About the book:
One autumn afternoon in Mexico City, seventeen-year-old Luisa does not return home from school. Instead, she boards a bus to the Pacific coast with Tomás, a boy she barely knows. He seems to represent everything her life is lacking―recklessness, impulse, independence. Tomás may also help Luisa fulfill an unusual obsession: she wants to track down a traveling troupe of Ukrainian dwarfs. According to newspaper reports, the dwarfs recently escaped a Soviet circus touring Mexico. The imagined fates of these performers fill Luisa’s surreal dreams as she settles in a beach community in Oaxaca. Surrounded by hippies, nudists, beachcombers, and eccentric storytellers, Luisa searches for someone, anyone, who will “promise, no matter what, to remain a mystery.” It is a quest more easily envisioned than accomplished. As she wanders the shoreline and visits the local bar, Luisa begins to disappear dangerously into the lives of strangers on Zipolite, the “Beach of the Dead.”
Meanwhile, her father has set out to find his missing daughter. A mesmeric portrait of transgression and disenchantment unfolds. Sea Monsters is a brilliantly playful and supple novel about the moments and mysteries that shape us.
Read An Excerpt:
Featured In June/July 2019 Issue: Summer Reads
“Imprisoned on this island, I would say, imprisoned on this island. And yet I was no prisoner and this was no island.

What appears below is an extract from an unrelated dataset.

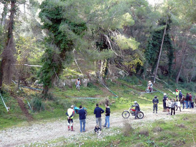 En este lugar situado al borde del Parque Natural del Garraf, donde hay unos terrenos espectaculares para hacer trial, nos tuvimos que limitar a un terreno bastante reducido por culpa de las tan modernas como absurdas modas ecologistas, pero pese a ello resultó un trial más que correcto e interesante, con 10 zonas a dos vueltas en un recorrido de aproximadamente seis kilómetros.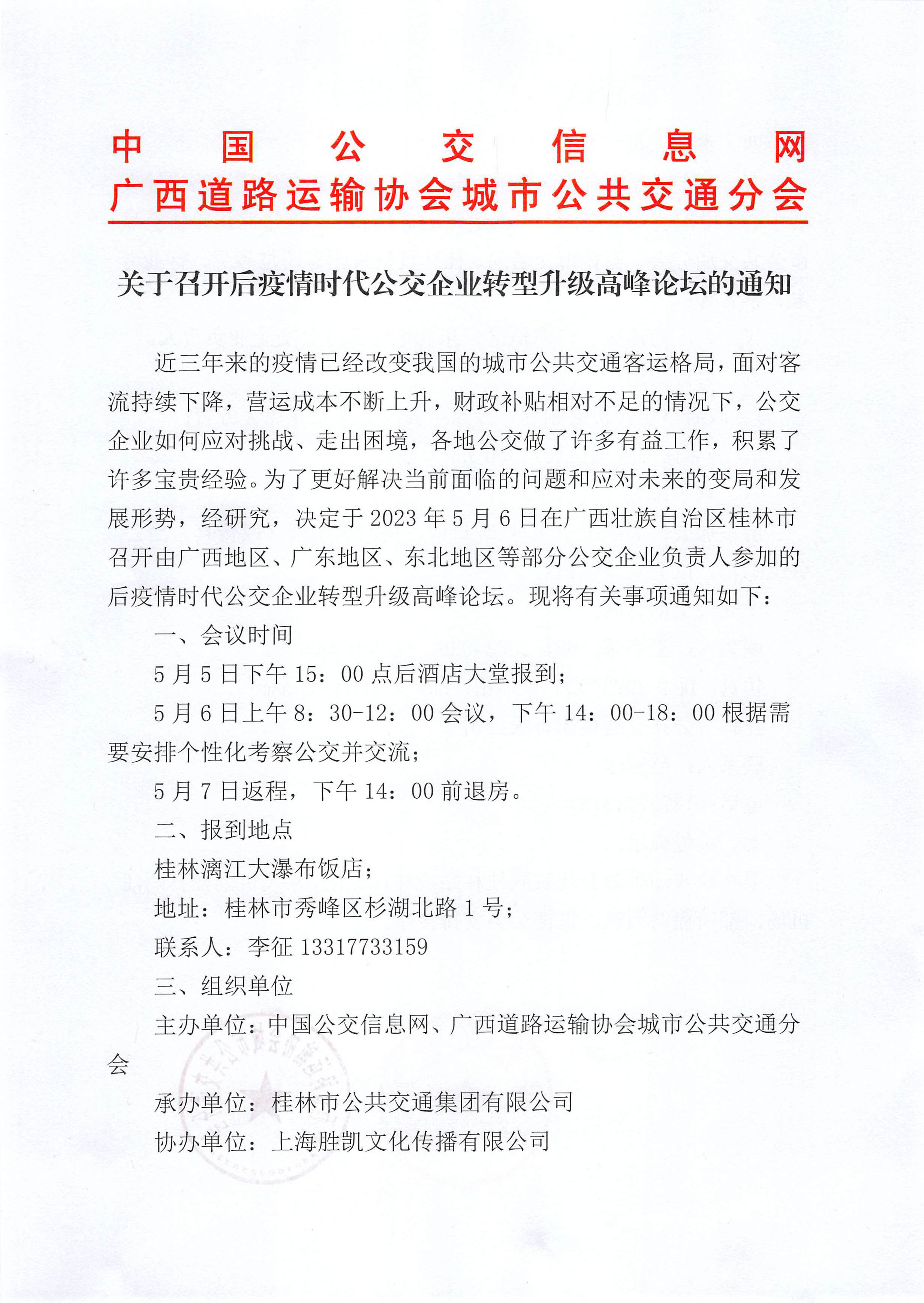关于召开后疫情时代公交企业转型升级高峰论坛的通知

During the day I’d roam the shore, aimlessly, purposefully, and in search of digressions. The dogs. A hut. Boulders. Nude tourists. Scantily clad ones. Palm trees. Palapas. Sand sifting umber and adrenaline. The waves’ upward grasp. A boat in the distance, its throat flashing in the sun. The ancient Greeks created stories out of a simple juxtaposition of natural features, my father once told me, investing rocks and caves with meaning, but there in Zipolite I did not expect any myths to be born.

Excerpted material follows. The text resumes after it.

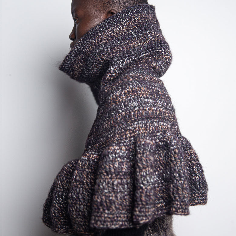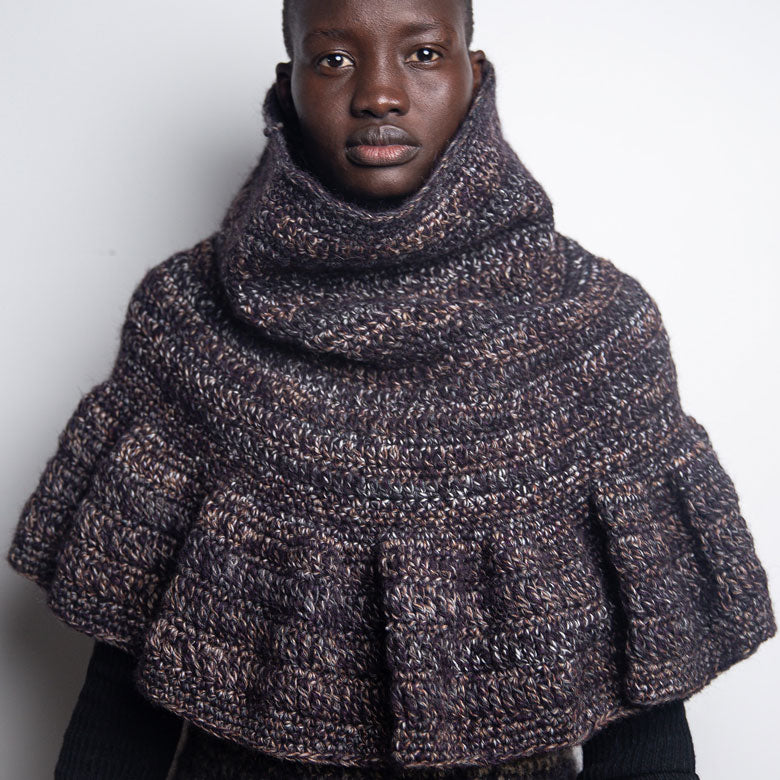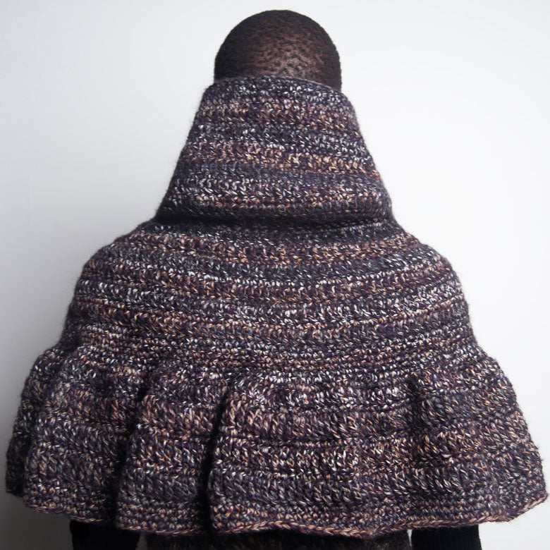 Handmade crochet neck cape in brown dead stock wool yarn.

Zipolite. People said the name meant “Beach of the Dead,” though the reason for this was debated — was it because of the number of visitors who met their end in the treacherous currents, or because the native Zapotecs would bring their dead from afar to bury in its sands? Beach of the Dead: it had an ancient ring, ancestral, commanding both dread and respect, and after hearing about the unfortunate souls who each year got caught in the riptide I decided I would never go in beyond where I could stand. Others said Zipolite meant “Lugar de Caracoles,” place of seashells, an attractive thought since spirals are such neat arrangements of space and time, and what are beaches if not a conversation between the elements, a constant movement inward and outward. My favorite explanation, which only one person put forward, was that Zipolite was a corruption of the word zopilote, and that every night a black vulture would envelop the beach in its dark wings and feed on whatever the waves tossed up. It’s easier to reconcile yourself with sunny places if you can imagine their nocturnal counterpart. Once dusk had fallen I would head to the bar and spend hours under its thatched universe, a large palapa on the shores of the Pacific decked with stools, tables, and miniature palm trees. It was where all boats came to dock and refuel, syrup added to cocktails for maximum effect, and I’d imagine that everything was as artificial as the electric-blue drink; that the miniature palm trees grew fake after dusk, the chlorophyll struggling and the life force gone from the green, that the wooden stools had turned to laminate.”